In order to achieve the above object, the boil-off gas reliquefaction apparatus of the present invention is installed in the middle of the boil-off gas discharge line connected from the LNG storage tank to the liquefaction heat exchanger for compressing the boil-off gas generated in the LNG storage tank for liquefaction A pre-cooling heat exchanger installed in the compression section to be sent to the heat exchanger, an evaporation gas discharge line in front of the compression section, and the pre-cooling unit from the output end of the compression section to exchange heat with the evaporation gas generated in the LNG storage tank. It is configured to include a compressed boil-off gas return line connected to the heat exchanger.
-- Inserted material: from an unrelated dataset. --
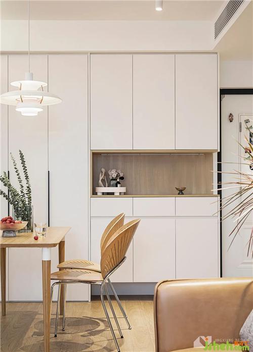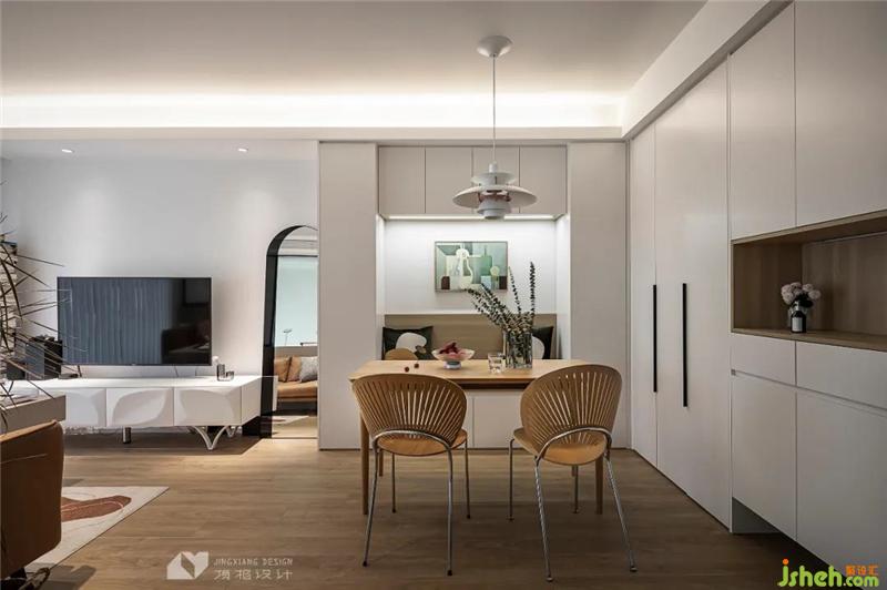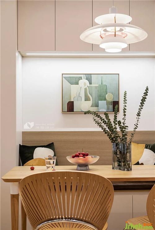 靠墙的一侧,定制卡座,减少空间的占用。上方装有吊柜做收纳,卡座底部也做了储物设计,弥补了餐边柜的功能。

In addition, the method of re-liquefying the boil-off gas of the present invention comprises the steps of: compressing low-pressure low-temperature evaporated gas generated in the LNG storage tank, and low-pressure low-temperature discharged from the LNG storage tank the high-pressure high-temperature boil-off gas compressed in the compression step It is configured to include the step of cooling by heat exchange with the boil-off gas.
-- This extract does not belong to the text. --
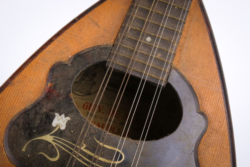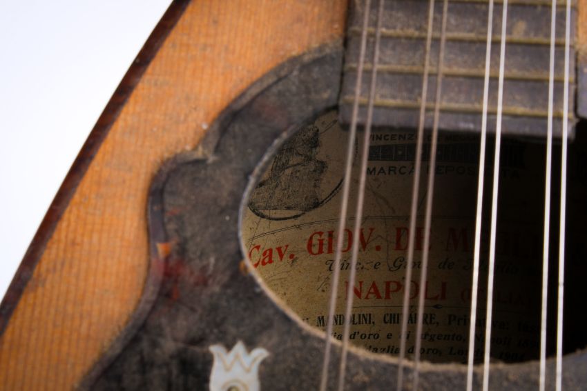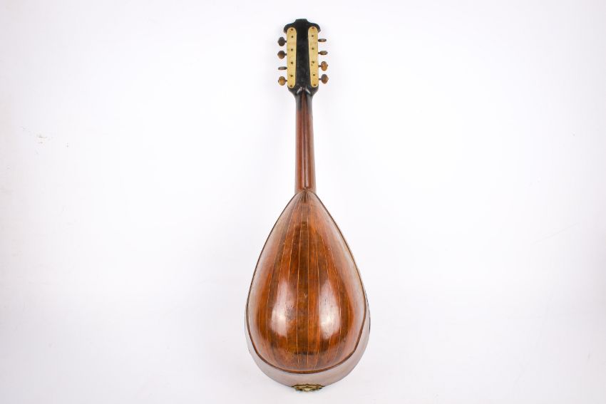 An early 20th century Neapolitan bowl back mandolin labelled Cav. Giovanni de Meglio & Fglio. Dated '1907'. model 1, no. 14939. Total length 60cm

In addition, the LNG carrier of the present invention is characterized in that the above-described boil-off gas reliquefaction apparatus is mounted.

Hereinafter, with reference to the accompanying drawings will be described in detail a preferred embodiment of the present invention. In the embodiment of the present invention for the same components as those of the prior art will use the same reference numerals as the prior art.

2 is a schematic diagram of a boil-off gas reliquefaction apparatus according to a preferred embodiment of the present invention. In this embodiment, the configuration of the cold box 10 and the refrigeration system 20 is the same as in the prior art. The boil-off gas reliquefaction apparatus includes a cold box (cold box) 10, the boil-off gas discharged from the LNG storage tank 1 is re-liquefied while passing through the cold box (10). Therefore, the boil-off gas discharged from the LNG storage tank 1 is liquefied while passing through the cold box 10 through the boil-off gas discharge line L1. The cold box 10 includes a liquefaction heat exchanger 11 and a gas-liquid separator 13 at the rear end of the liquefaction heat exchanger 11. A refrigeration system 20 for compressing and expanding a refrigerant such as nitrogen (N ₂ ) is connected to the liquefaction heat exchanger (11). The refrigeration system 20 is illustrated as including a multistage compressor 21 and an expander 23 consisting of three compressors 21a and three intermediate coolers 21b. The boil-off gas is cooled and condensed through the liquefied heat exchanger (11), re-liquefied through the gas-liquid separator (13), and then sent back to the LNG storage tank (1) via the re-liquefied boil-off gas return line (L2). Lose.

Evaporating gas re-liquefaction apparatus according to an embodiment of the present invention, the compression unit 130, a pre-cooling heat exchanger 140, and a compressed boil-off gas return line (L4).

The compression unit 130 is installed in the middle of the boil-off gas discharge line L1 connected from the LNG storage tank 1 to the liquefied heat exchanger 11, and the boil-off gas generated in the LNG storage tank 1 at high pressure. Compresses and serves to liquefy heat exchanger (11).

The compression unit 130 is illustrated as being composed of a multi-stage compressor including two compressors 131 and two intermediate coolers 133.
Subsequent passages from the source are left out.